DATASET CONTENT =
◇ ◇ ◇

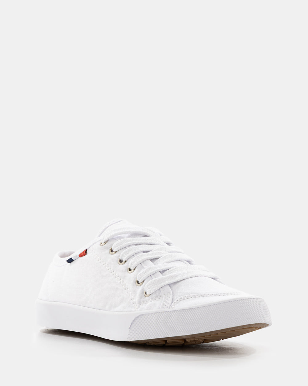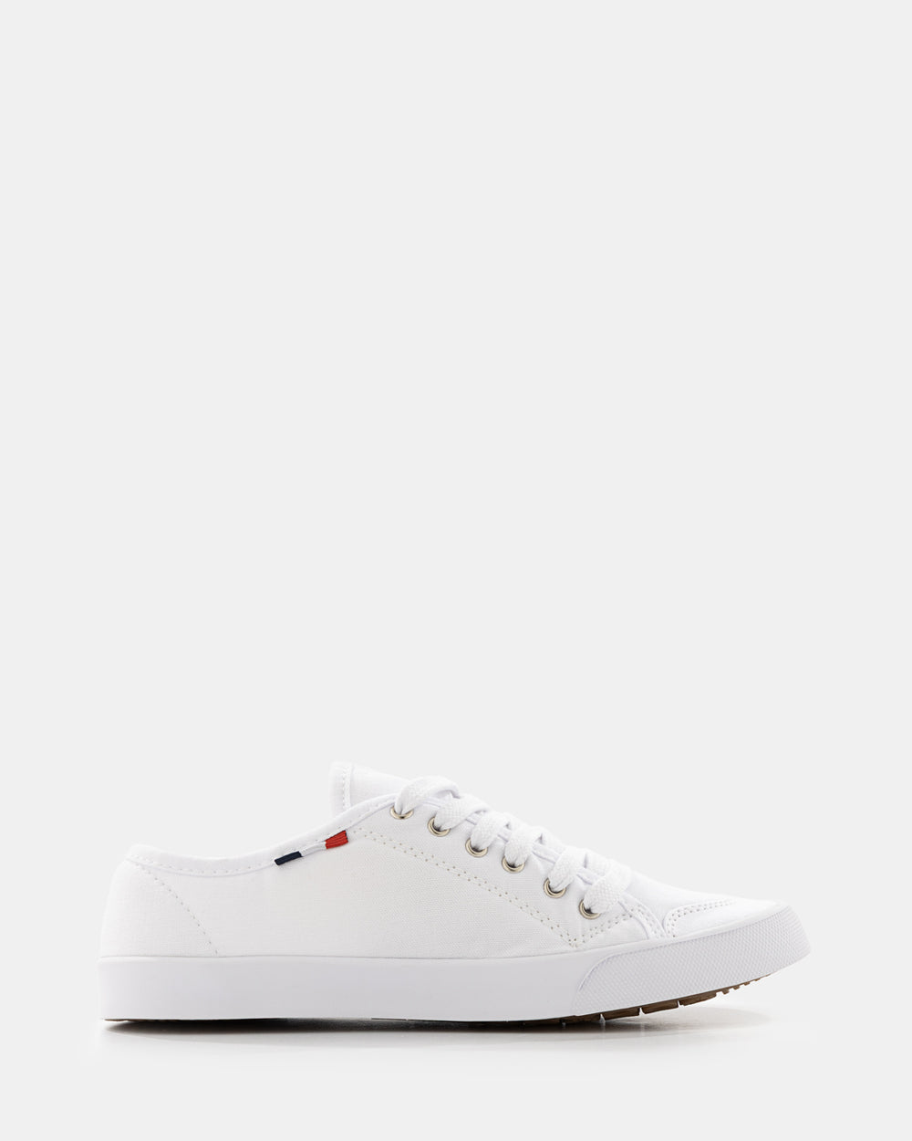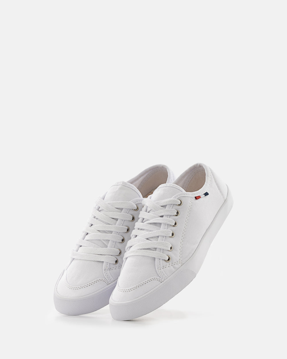 Tenis casual tipo sneaker producido en canvas de alta densidad en blanco total con aplicaciones bordadas. Manufacturado con upper de lona resistente al desgaste, revestimiento interior transpirable, plantilla extraíble con soporte de arco y base de goma inyectada antideslizante en blanco. Incluye cordones redondos en blanco. Estilo clásico de inspiración vintage con silueta esbelta y construcción ligera.
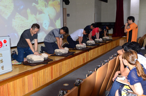 영등포소방서는 지난 4일 오전 문래동 소재 한전KDN에서 직원들을 대상으로 소방안전교육을 실시했다. 사진은 참여자들이 심폐소생술 실습을 하는 모습.(사진제공=영등포소방서)
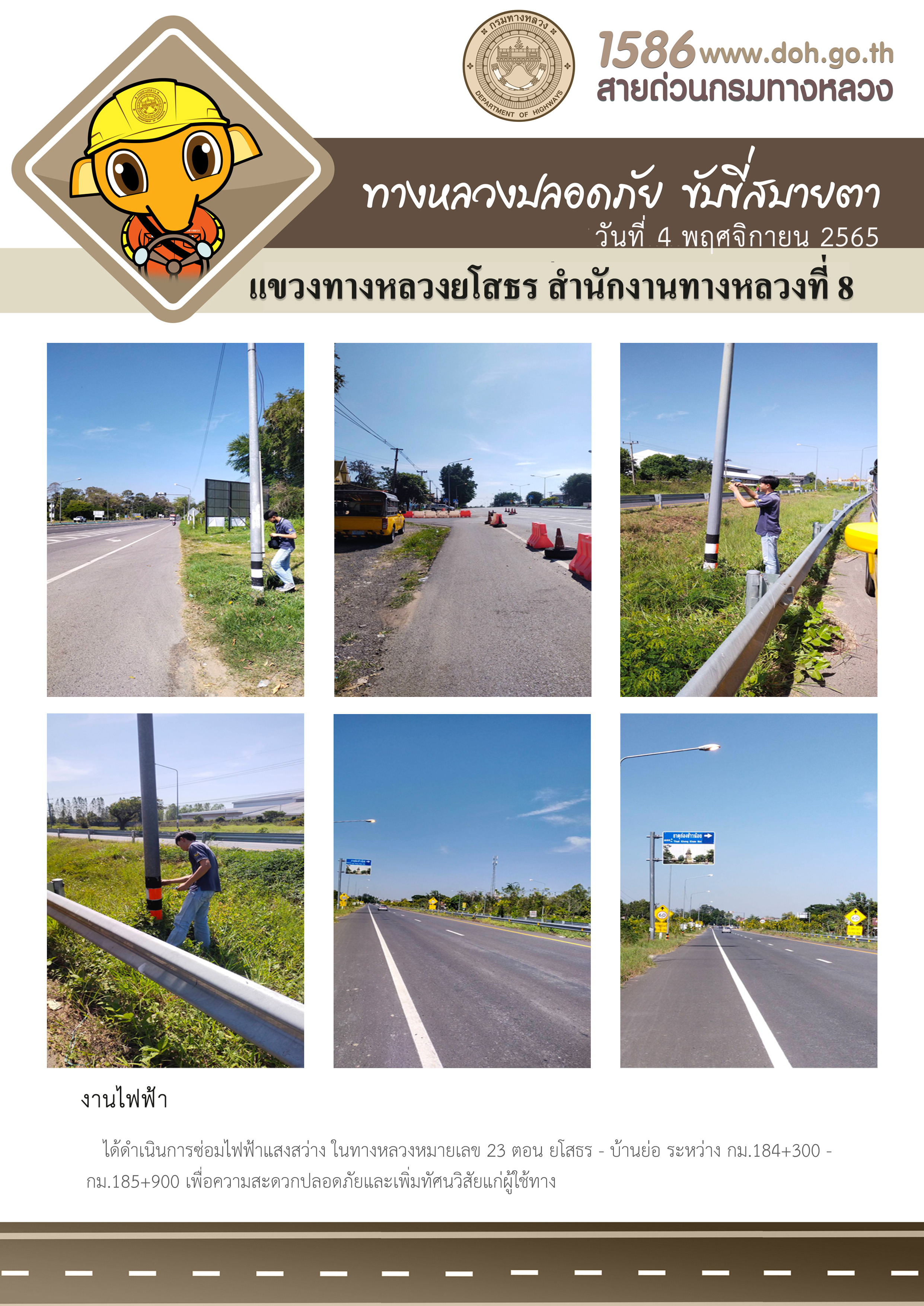 วันที่ 4 พฤศจิกายน 2565 งานไฟฟ้า ได้ดำเนินการซ่อมไฟฟ้าแสงสว่าง ในทางหลวงหมายเลข 23 ตอน ยโสธร - บ้านย่อ ระหว่าง กม.184+300 - กม.185+900 เพื่อความสะดวกปลอดภัยและเพิ่มทัศนวิสัยแก่ผู้ใช้ทาง
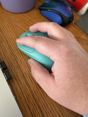 This is the perfect size mouse. Just the right size for my hand. Moves around well and clicks easy. The color is adorable and looks great on my desk. Love that it’s cordless and communicates well with the computer.
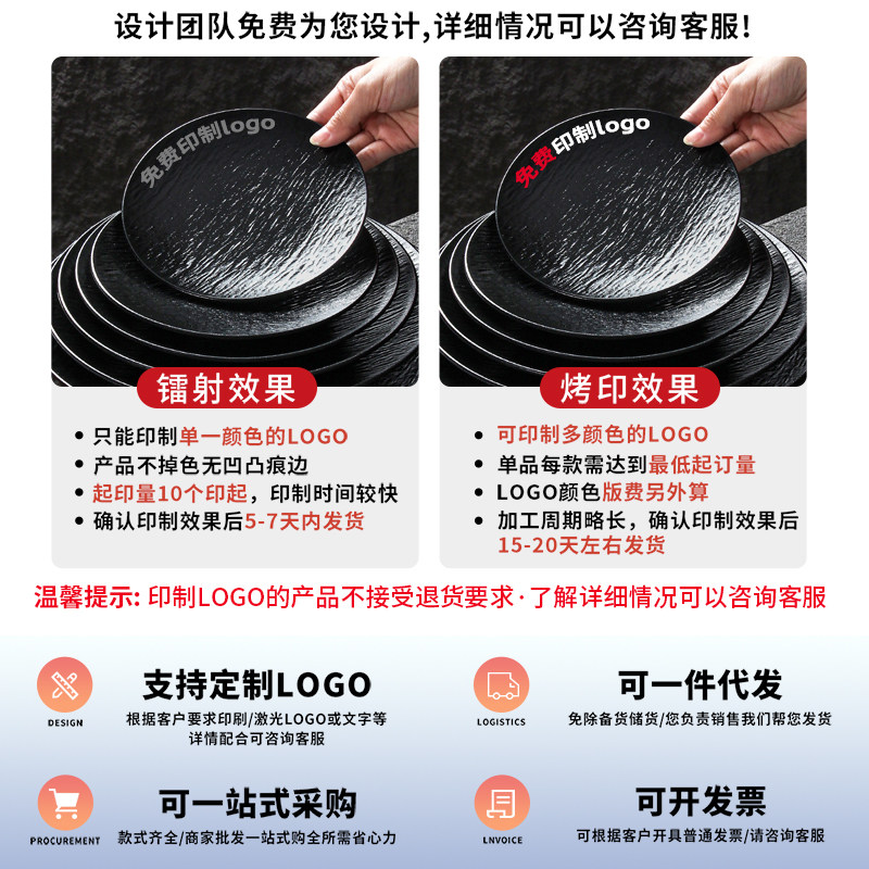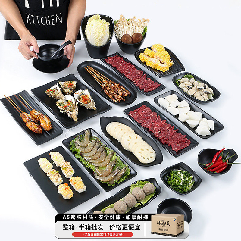 密胺餐具盘子商用餐饮黑色烤肉烧烤专用餐盘骨碟火锅酒吧小吃碟子
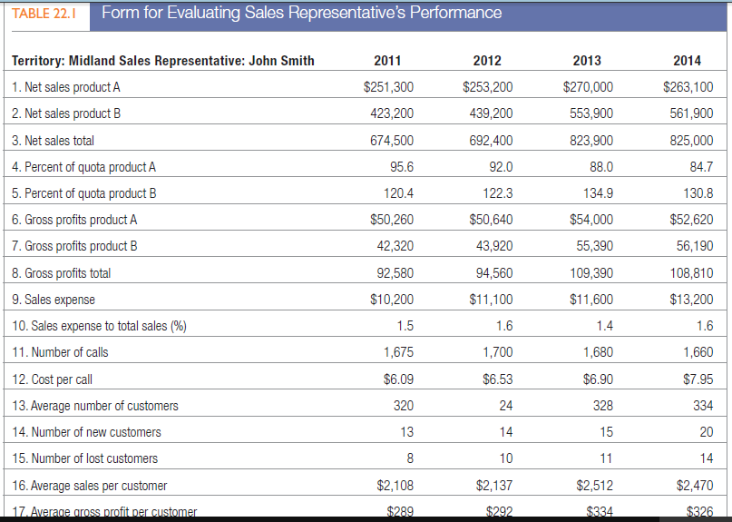 The last two lines show the level and trend in sales and gross profits per customer. These figures become more meaningful when compared with overall company averages. If Smith’s average gross profit per customer is lower than the company’s average, he could be concentrating on the wrong customers or not spending enough time with each customer. A review of annual number of calls (line 11) shows he might be making fewer annual calls than the average salesperson. If distances in the territory are similar to those in other territories, he might not be putting in a full workday, might be poor at sales planning and routing, or might be spending too much time with certain accounts.
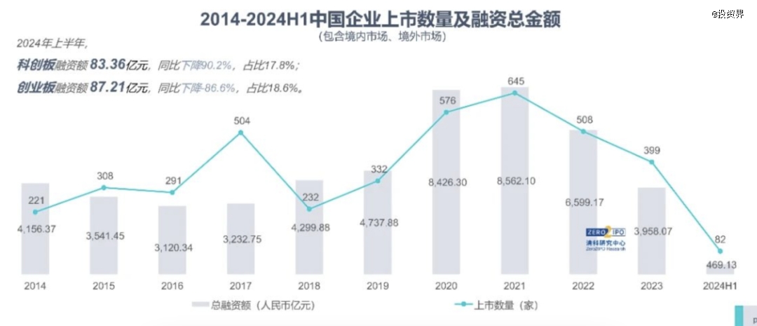 其中,VC/PE較為依賴的退出路徑——IPO漸漸變得遙遠(yuǎn)。2024年上半年僅有82家中企上市,同比下降62.4%,境外和A股被投企業(yè)IPO案例數(shù)同比分別下降20.1%、74.1%。
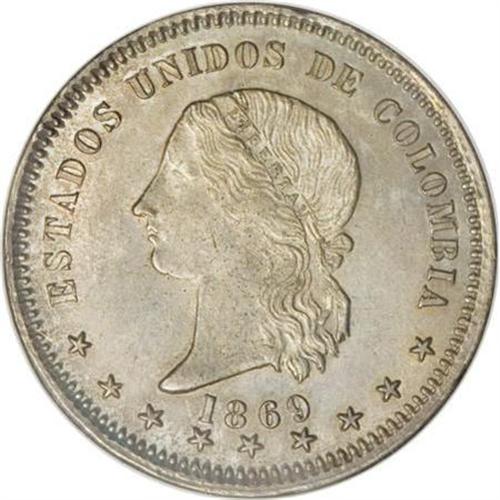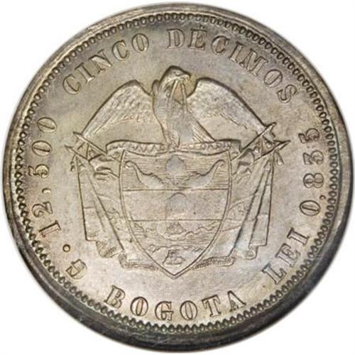 <B>Republic-Estados Unidos 5 Decimos 1869-Bogota, </B></I> KM153.1, MS64 NGC Whittier Collection, lovely pewter gray and gold patina over lustrous fields and exceptionally well-defined details. A coin with immediate eye appeal. Very rare quality.<BR><BR><b>Shipping:</b> Coins & Currency (<a target="_blank" href="http://www.heritageauctions.com/common/shipping.php">view shipping information</a>)
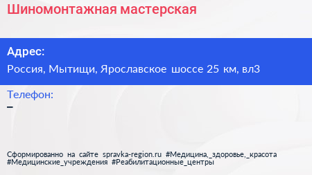 Шиномонтажная мастерская по адресу Кардиологический санаторий "Подлипки", Северная улица, 43 квартал, Комитетский Лес, Королёв, городской округ Королёв, Московская область, Центральный федеральный округ, 141005, Россия в дальнейшем Организация, размещена в следующих категориях:
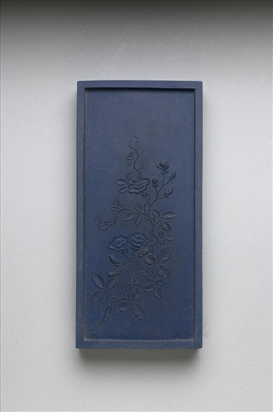 長方形藍色墨,邊框起棱。一面有填金隸書乾隆詩作:「御詠凌霄。翠蔓朱華嬝嬝柔,陸離搖曳足風流,饒伊縱有凌霄志,不附高柯嘆末由。」一面模印凌霄花由左下角斜出,花作盛開之貌。是墨與其他二十四塊同儲一盒,為成套之御製花卉詩套墨。
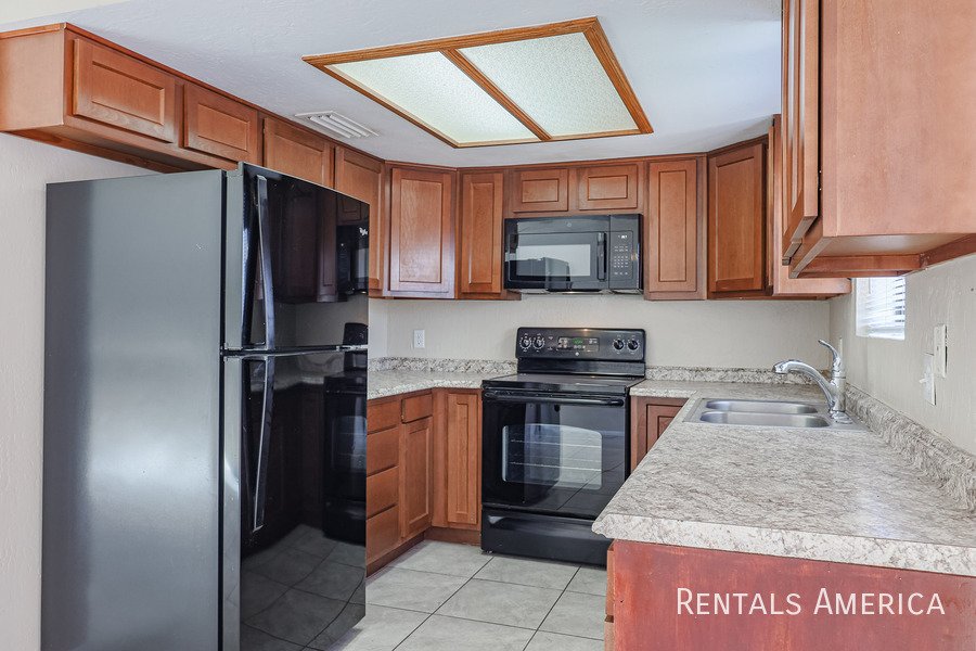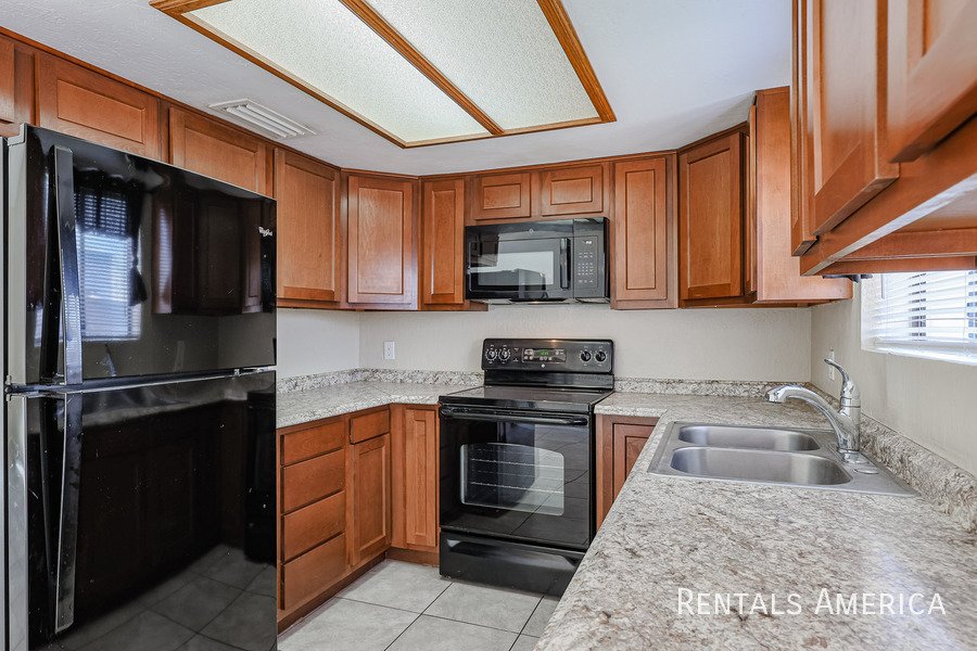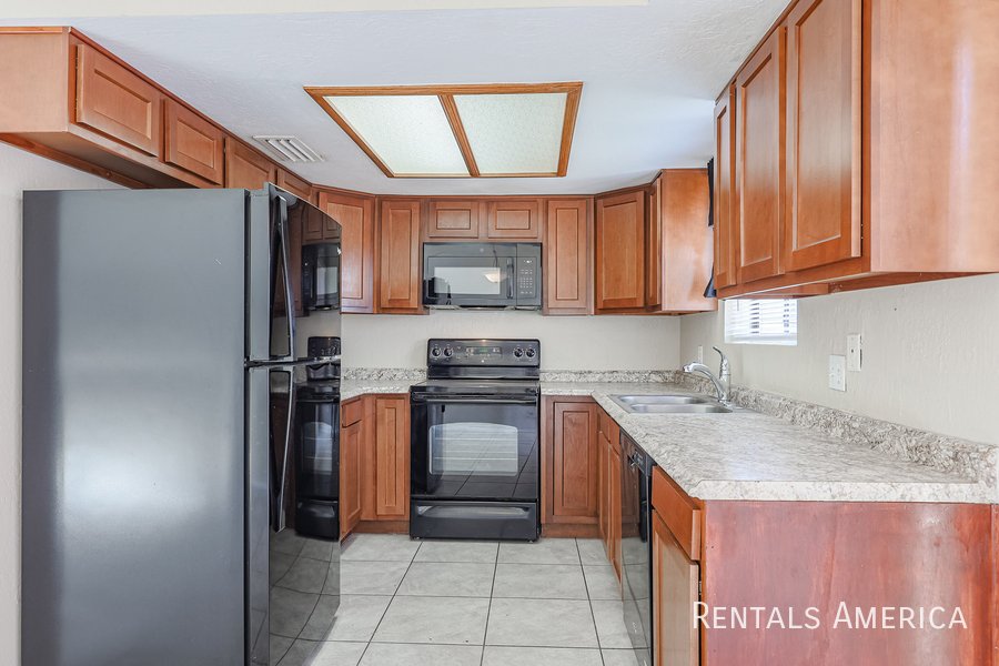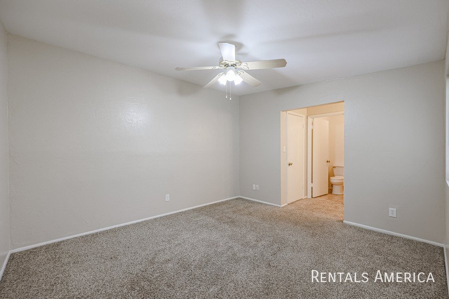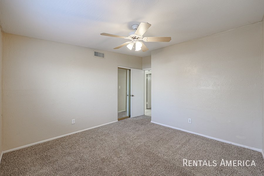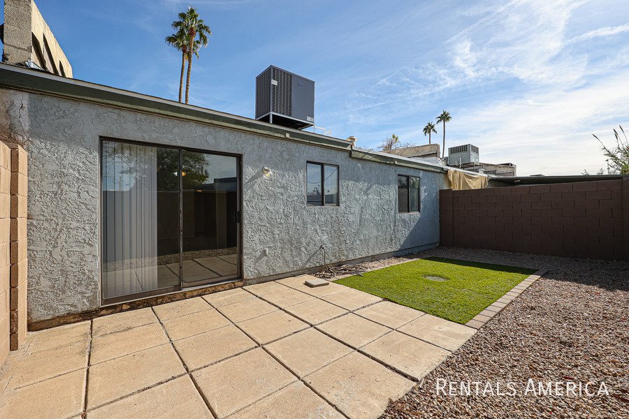 Secluded home with attached garage. Walking distance to Glendale High School. This townhouse has an open floorplan with vaulted ceilings that provide lots of natural light in all livable areas. Lighted fans in living room & all bedrooms. Back patio has gold decorative rock & green turf edged in pavers. Kitchen features black refrigerator, dishwasher & stove with built-in microwave. Master suite includes large walk-in closet and private tub/toilet room. Oversized tile in living, dining & kitchen and chocolate shag carpeting in all bedrooms. Laundry closet with washer & dryer included. Beautiful New Bathtub & Tile Surround in Primary Bathroom. 2-Car Garage. Water Included. Community Pool.

◇ ◇ ◇

WHAT YOU NEED TO DO =
Only the text of the listing should be returned, exactly and in full; no image goes into the copy.

FINAL ANSWER =
 Tenis casual tipo sneaker producido en canvas de alta densidad en blanco total con aplicaciones bordadas. Manufacturado con upper de lona resistente al desgaste, revestimiento interior transpirable, plantilla extraíble con soporte de arco y base de goma inyectada antideslizante en blanco. Incluye cordones redondos en blanco. Estilo clásico de inspiración vintage con silueta esbelta y construcción ligera.
 영등포소방서는 지난 4일 오전 문래동 소재 한전KDN에서 직원들을 대상으로 소방안전교육을 실시했다. 사진은 참여자들이 심폐소생술 실습을 하는 모습.(사진제공=영등포소방서)
 วันที่ 4 พฤศจิกายน 2565 งานไฟฟ้า ได้ดำเนินการซ่อมไฟฟ้าแสงสว่าง ในทางหลวงหมายเลข 23 ตอน ยโสธร - บ้านย่อ ระหว่าง กม.184+300 - กม.185+900 เพื่อความสะดวกปลอดภัยและเพิ่มทัศนวิสัยแก่ผู้ใช้ทาง
 This is the perfect size mouse. Just the right size for my hand. Moves around well and clicks easy. The color is adorable and looks great on my desk. Love that it’s cordless and communicates well with the computer.
 密胺餐具盘子商用餐饮黑色烤肉烧烤专用餐盘骨碟火锅酒吧小吃碟子
 The last two lines show the level and trend in sales and gross profits per customer. These figures become more meaningful when compared with overall company averages. If Smith’s average gross profit per customer is lower than the company’s average, he could be concentrating on the wrong customers or not spending enough time with each customer. A review of annual number of calls (line 11) shows he might be making fewer annual calls than the average salesperson. If distances in the territory are similar to those in other territories, he might not be putting in a full workday, might be poor at sales planning and routing, or might be spending too much time with certain accounts.
 其中,VC/PE較為依賴的退出路徑——IPO漸漸變得遙遠(yuǎn)。2024年上半年僅有82家中企上市,同比下降62.4%,境外和A股被投企業(yè)IPO案例數(shù)同比分別下降20.1%、74.1%。
 <B>Republic-Estados Unidos 5 Decimos 1869-Bogota, </B></I> KM153.1, MS64 NGC Whittier Collection, lovely pewter gray and gold patina over lustrous fields and exceptionally well-defined details. A coin with immediate eye appeal. Very rare quality.<BR><BR><b>Shipping:</b> Coins & Currency (<a target="_blank" href="http://www.heritageauctions.com/common/shipping.php">view shipping information</a>)
 Шиномонтажная мастерская по адресу Кардиологический санаторий "Подлипки", Северная улица, 43 квартал, Комитетский Лес, Королёв, городской округ Королёв, Московская область, Центральный федеральный округ, 141005, Россия в дальнейшем Организация, размещена в следующих категориях:
 長方形藍色墨,邊框起棱。一面有填金隸書乾隆詩作:「御詠凌霄。翠蔓朱華嬝嬝柔,陸離搖曳足風流,饒伊縱有凌霄志,不附高柯嘆末由。」一面模印凌霄花由左下角斜出,花作盛開之貌。是墨與其他二十四塊同儲一盒,為成套之御製花卉詩套墨。
 Secluded home with attached garage. Walking distance to Glendale High School. This townhouse has an open floorplan with vaulted ceilings that provide lots of natural light in all livable areas. Lighted fans in living room & all bedrooms. Back patio has gold decorative rock & green turf edged in pavers. Kitchen features black refrigerator, dishwasher & stove with built-in microwave. Master suite includes large walk-in closet and private tub/toilet room. Oversized tile in living, dining & kitchen and chocolate shag carpeting in all bedrooms. Laundry closet with washer & dryer included. Beautiful New Bathtub & Tile Surround in Primary Bathroom. 2-Car Garage. Water Included. Community Pool.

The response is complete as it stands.